In the first of a series of blogs as part Huntington’s disease awareness month, community fundraiser Gemma Powell looks at how even the smallest actions are creating big changes in the lives of families living with HD.
When Scottish Huntington’s Association was founded in 1989, there was very little understanding or recognition of Huntington’s disease. This lack of awareness, which has impacted upon generation after generation, is often considered to be as harmful to families as the condition itself.
Our families living with HD still need to explain themselves over and over. They have that all-too-familiar exchange of: “No they’re not drunk, they have a condition.” We’ve come a long way in the past 30 years, but today there are still people living with HD across Scotland who are isolated in their communities.

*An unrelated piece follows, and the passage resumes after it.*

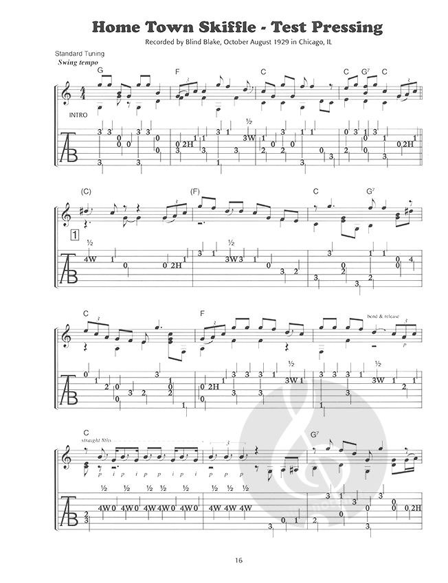 Blind Blake was the greatest ragtime blues guitarist to record during the 1920s. His guitar playing was unique. It captured the pulsating rhythms of the blues, ragtime, and jazz music of the period. Rev. Gary Davis went as far as to say: “I ain’t never heard anybody on a record yet beat Blind Blake on guitar. I like Blake because he played right sporty.”Modern fingerstyle guitarists such as Jorma Kaukonen, Ry Cooder, David Bromberg, Leon Redbone, Dave Van Ronk, Paul Geremia and Ari Eisinger, have all recorded Blind Blake songs i.e., Too Tight Rag, Diddie Wa Diddie, Police Dog Blues, Tootie Blues, That Will Never Happen No More, Chump Man Blues and Righteous Blues. These have all become staples of today’s acoustic blues scene.Blake’s guitar arrangements are both a challenge to play as well as transcribe. This collection presents 26 blues that will keep your fingers very busy. Also included are downloads of the original Paramount recordings. In some cases, there exists only one copy of a recording and this might be in worn-out shape. The results present a combination of incredible guitar playing intertwined with static surface noise. We have also added downloads of these recordings without the vocals courtesy of vocalremover.org. These downloads will be of great help in hearing what Blake plays behind his singing.Titles include: Key of C Home Town Skiffle, Leavin’ Gal Blues, Guitar Chimes, Righteous Blues, Ice Man Blues, Early Morning Blues, Black Dog Blues, Goodbye Mama Moan, Baby Lou Blues, Walkin’ Across the Country, Tootie Blues, Rope Stretchin’ Blues/Part One, That Lonesome Rave, Worried Blues, What a Lowdown Place the Jailhouse Is Key of G Cold Hearted Mama, Hard Road Blues, Tampa Bound, Steel Mill Blues, Stonewall Street Blues, Wilson Dam, Night & Day Blues Key of D Back Biting Blues, Chump Man Blues Key of A Sun to Sun, One Time Blues

This is not, and has never been, okay.
SHA is the only charity in Scotland that is committed to working with the HD community and the wider general public to create real change for people living with HD. With every campaign, every conversation, every share on social media, we are helping to reduce the stigma and empowering families to talk openly and to seek support when they need it – be it from a friend, SHA or health and care services.
The sum of all our actions, great or small, WILL lead to a better HD Scotland. Here’s a few simple steps you can take:
- Like, comment and share! Follow us on social media, help spread the word and encourage your friends and followers to get involved.
- Facebook ‘Scottish Huntington’s Association’
- Twitter ‘ScottishHD’
- Instagram ‘ScottishHD’
2. Join our mailing lists and forward our newsletters to three people who are new to SHA. Did you know we send out three different newsletters to people and organisations all across Scotland?
- If you’re looking for research news, make sure to subscribe to HeaDline.
- To learn all about fundraising, sign up for our regular e-bulletin full of the fantastic things people in the community are doing for HD.
- Or if you prefer to keep up with the charity more generally, subscribe to SHAre, our seasonal newsletter.
Subscribe here – and remember, there’s nothing stopping you signing up for all three!
3. Share your own experience – if you have been impacted by Huntington’s disease in any way, your story is worth telling! The most powerful way to increase understanding is to give a platform to people with HD, their carers, young people, professionals, family members, friends, and colleagues. By sharing your story through SHA, you will help to raise awareness and provide comfort and reassurance to other people who are going through the same thing! Have a read at some the stories in this blog and get in touch if you fancy sharing your own.
4. Become a You, Me and HD ambassador. You’ll give talks to groups and organisations in your local area and champion your efforts and the work of charity on social media! If you’re looking for a volunteer opportunity that delivers real impact and supports you to develop new skills, this is it! Training is provided and out of pocket expenses will be covered.